The required output is the exact run of lines in the listing below from the line holding "A luxurious surf-and-turf" through the line holding "这里设置的查询条件可以自己选", with no pictures.

=== Input records ===

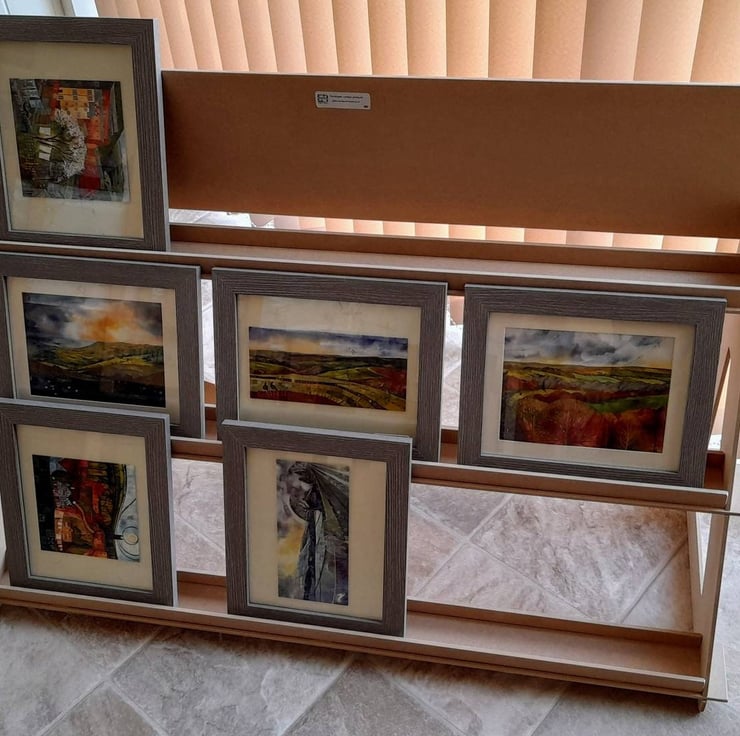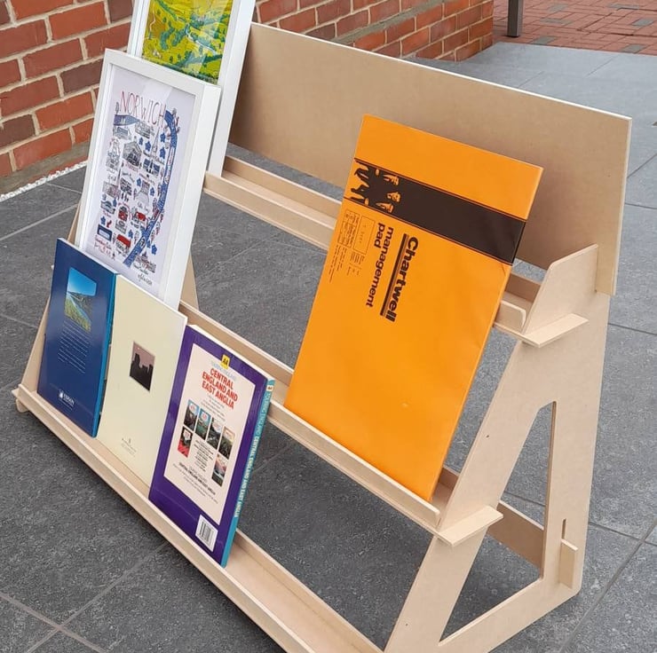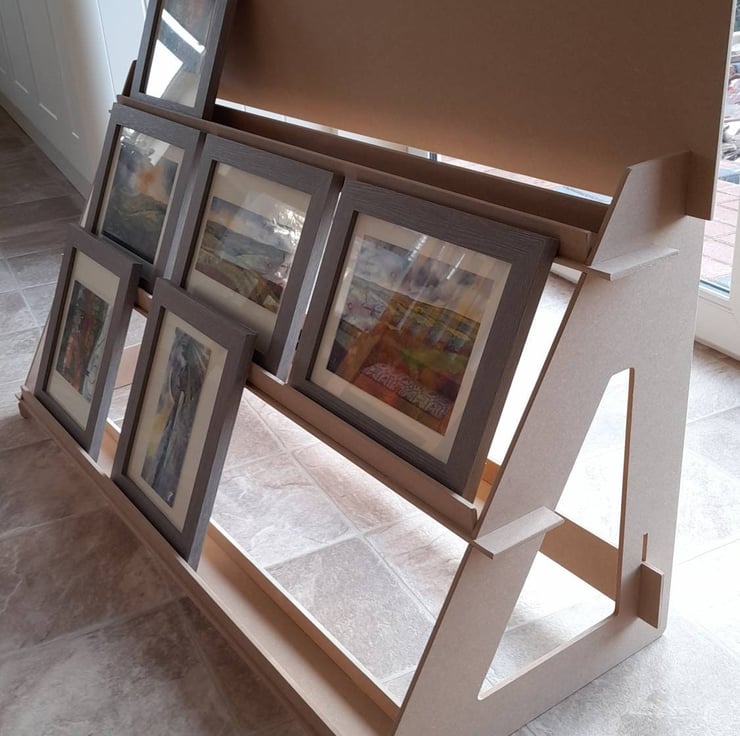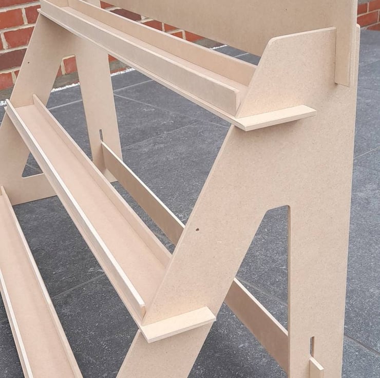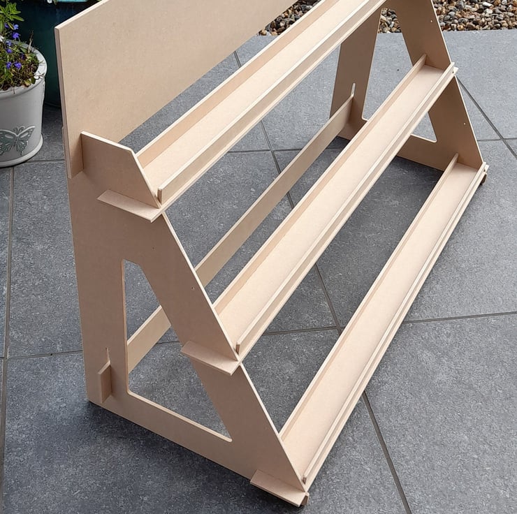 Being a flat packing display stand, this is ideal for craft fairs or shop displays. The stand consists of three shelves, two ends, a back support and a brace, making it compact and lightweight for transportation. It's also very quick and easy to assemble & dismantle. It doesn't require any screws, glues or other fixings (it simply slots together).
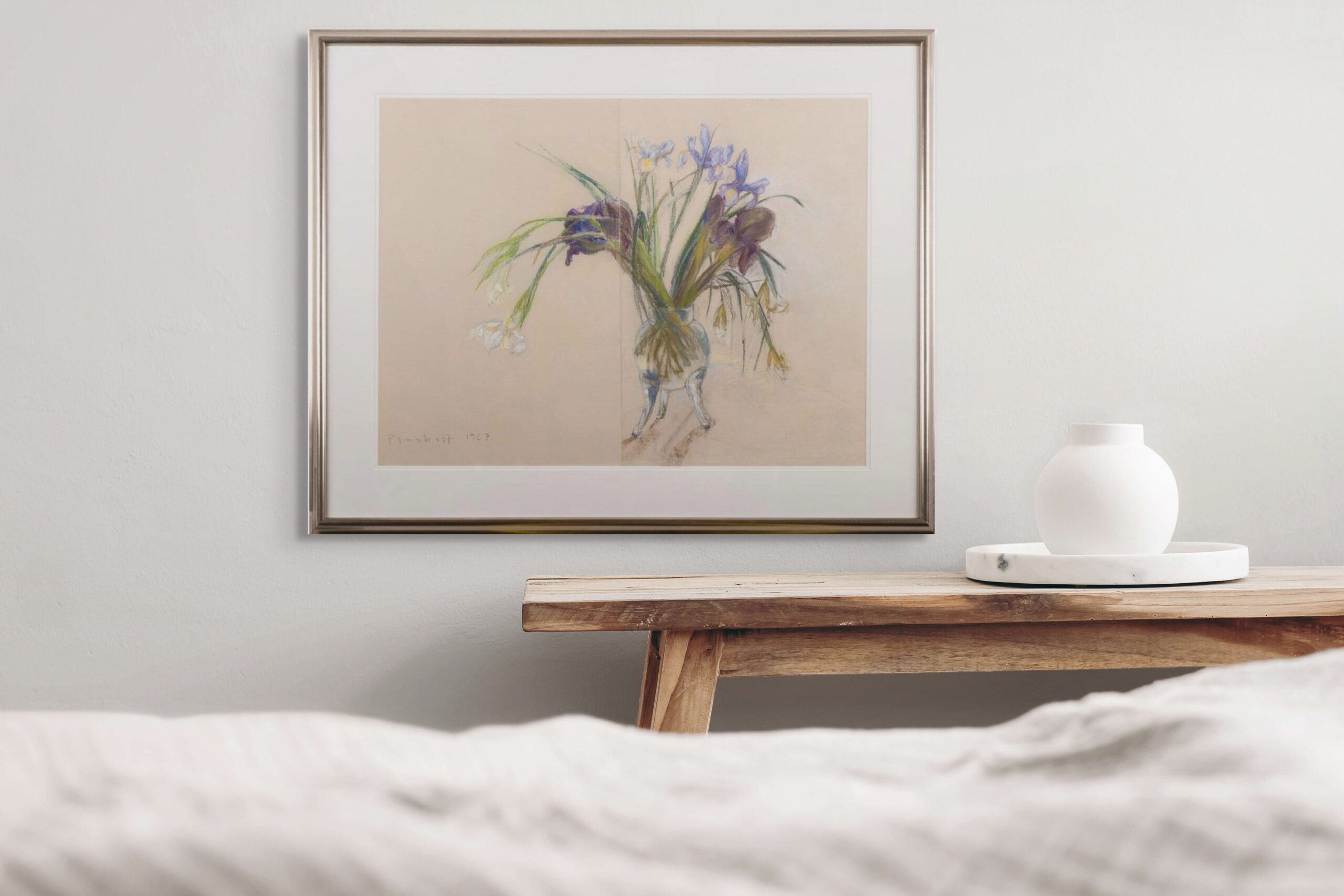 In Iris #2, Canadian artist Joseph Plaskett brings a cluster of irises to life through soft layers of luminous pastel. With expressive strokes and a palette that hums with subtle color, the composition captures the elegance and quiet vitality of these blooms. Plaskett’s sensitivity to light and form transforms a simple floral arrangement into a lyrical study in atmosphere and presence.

===
=== Input records ===

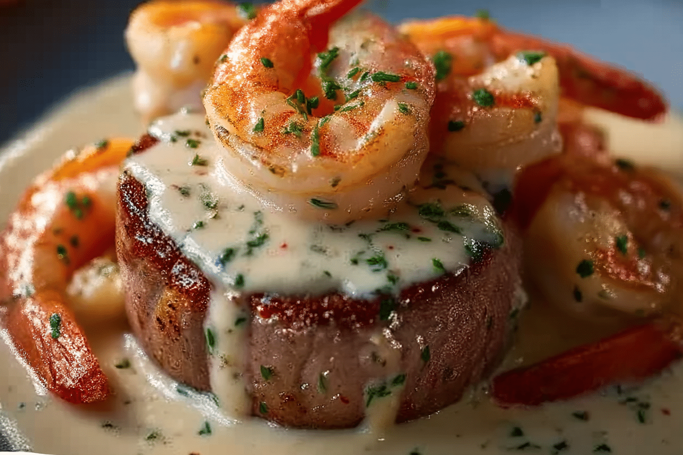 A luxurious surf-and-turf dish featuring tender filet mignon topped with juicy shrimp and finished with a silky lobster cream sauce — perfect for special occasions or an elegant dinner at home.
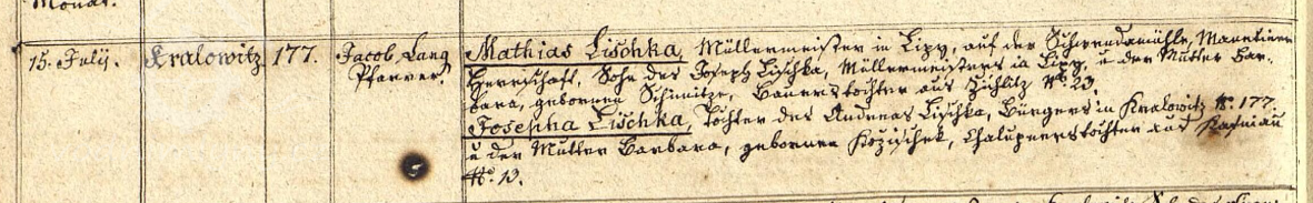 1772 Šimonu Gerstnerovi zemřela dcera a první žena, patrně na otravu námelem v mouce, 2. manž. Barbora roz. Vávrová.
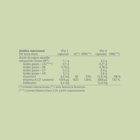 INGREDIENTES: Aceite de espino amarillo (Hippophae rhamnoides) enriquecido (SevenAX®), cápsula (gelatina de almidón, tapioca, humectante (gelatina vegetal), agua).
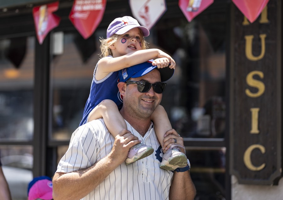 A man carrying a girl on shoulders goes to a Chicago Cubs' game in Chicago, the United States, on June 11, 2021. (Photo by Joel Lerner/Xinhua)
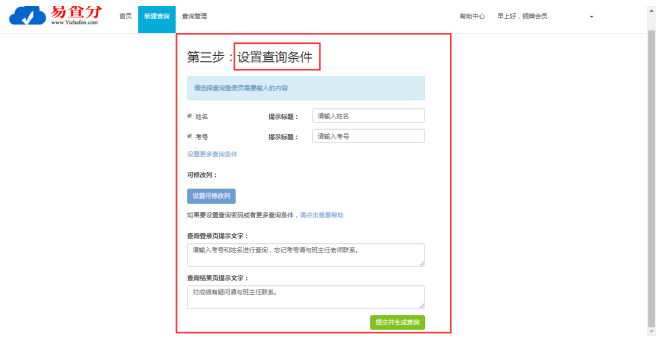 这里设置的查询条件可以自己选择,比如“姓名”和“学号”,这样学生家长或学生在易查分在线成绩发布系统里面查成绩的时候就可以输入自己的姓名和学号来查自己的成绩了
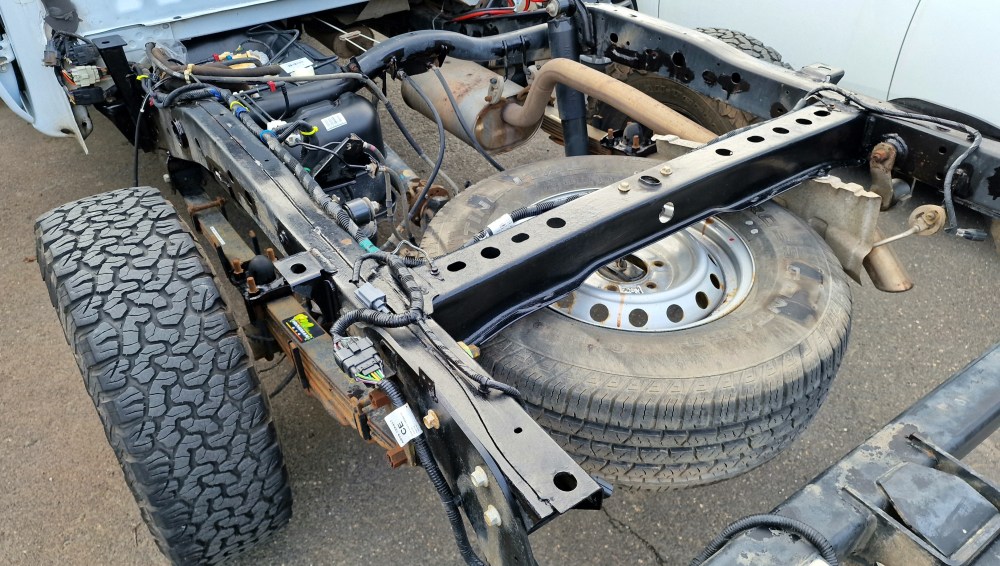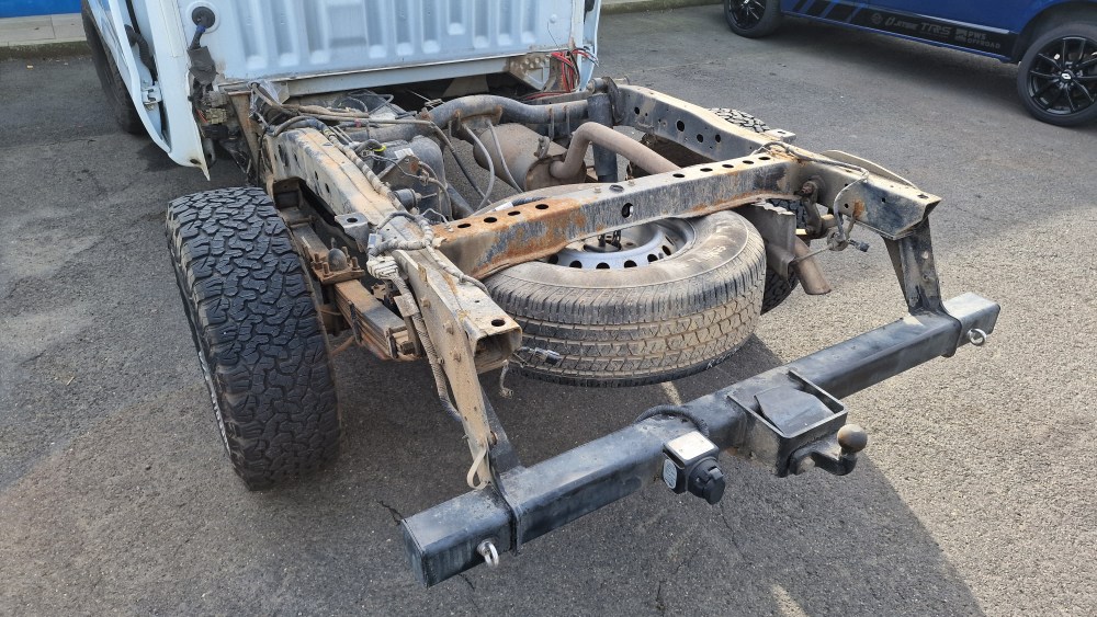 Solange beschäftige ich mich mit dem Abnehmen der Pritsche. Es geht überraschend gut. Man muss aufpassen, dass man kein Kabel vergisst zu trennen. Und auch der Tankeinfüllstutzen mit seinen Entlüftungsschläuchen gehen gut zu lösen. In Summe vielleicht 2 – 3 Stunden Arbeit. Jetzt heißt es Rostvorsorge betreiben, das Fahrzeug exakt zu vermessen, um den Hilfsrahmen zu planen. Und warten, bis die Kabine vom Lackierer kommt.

===
=== Input records ===

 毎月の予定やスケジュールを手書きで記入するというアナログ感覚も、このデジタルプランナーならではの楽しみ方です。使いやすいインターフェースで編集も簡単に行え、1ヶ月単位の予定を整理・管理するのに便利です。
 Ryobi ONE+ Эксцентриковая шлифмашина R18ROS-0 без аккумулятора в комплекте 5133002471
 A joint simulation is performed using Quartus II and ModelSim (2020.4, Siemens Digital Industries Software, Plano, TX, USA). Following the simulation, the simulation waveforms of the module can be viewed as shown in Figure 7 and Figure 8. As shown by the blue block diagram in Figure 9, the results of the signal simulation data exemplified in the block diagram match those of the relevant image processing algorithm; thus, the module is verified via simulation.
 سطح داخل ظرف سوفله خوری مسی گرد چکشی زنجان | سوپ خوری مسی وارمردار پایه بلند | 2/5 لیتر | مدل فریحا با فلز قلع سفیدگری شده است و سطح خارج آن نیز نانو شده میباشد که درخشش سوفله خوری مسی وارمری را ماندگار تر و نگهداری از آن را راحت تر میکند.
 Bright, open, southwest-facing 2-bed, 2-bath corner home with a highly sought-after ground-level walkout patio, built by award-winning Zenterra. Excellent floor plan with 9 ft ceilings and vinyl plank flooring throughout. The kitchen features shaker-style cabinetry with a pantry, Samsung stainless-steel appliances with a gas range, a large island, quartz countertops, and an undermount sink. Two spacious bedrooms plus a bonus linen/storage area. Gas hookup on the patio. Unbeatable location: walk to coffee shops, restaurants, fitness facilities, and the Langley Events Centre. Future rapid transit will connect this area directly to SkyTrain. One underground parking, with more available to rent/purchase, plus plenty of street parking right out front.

===

Output of the exercise:
 A luxurious surf-and-turf dish featuring tender filet mignon topped with juicy shrimp and finished with a silky lobster cream sauce — perfect for special occasions or an elegant dinner at home.
 1772 Šimonu Gerstnerovi zemřela dcera a první žena, patrně na otravu námelem v mouce, 2. manž. Barbora roz. Vávrová.
 INGREDIENTES: Aceite de espino amarillo (Hippophae rhamnoides) enriquecido (SevenAX®), cápsula (gelatina de almidón, tapioca, humectante (gelatina vegetal), agua).
 A man carrying a girl on shoulders goes to a Chicago Cubs' game in Chicago, the United States, on June 11, 2021. (Photo by Joel Lerner/Xinhua)
 这里设置的查询条件可以自己选择,比如“姓名”和“学号”,这样学生家长或学生在易查分在线成绩发布系统里面查成绩的时候就可以输入自己的姓名和学号来查自己的成绩了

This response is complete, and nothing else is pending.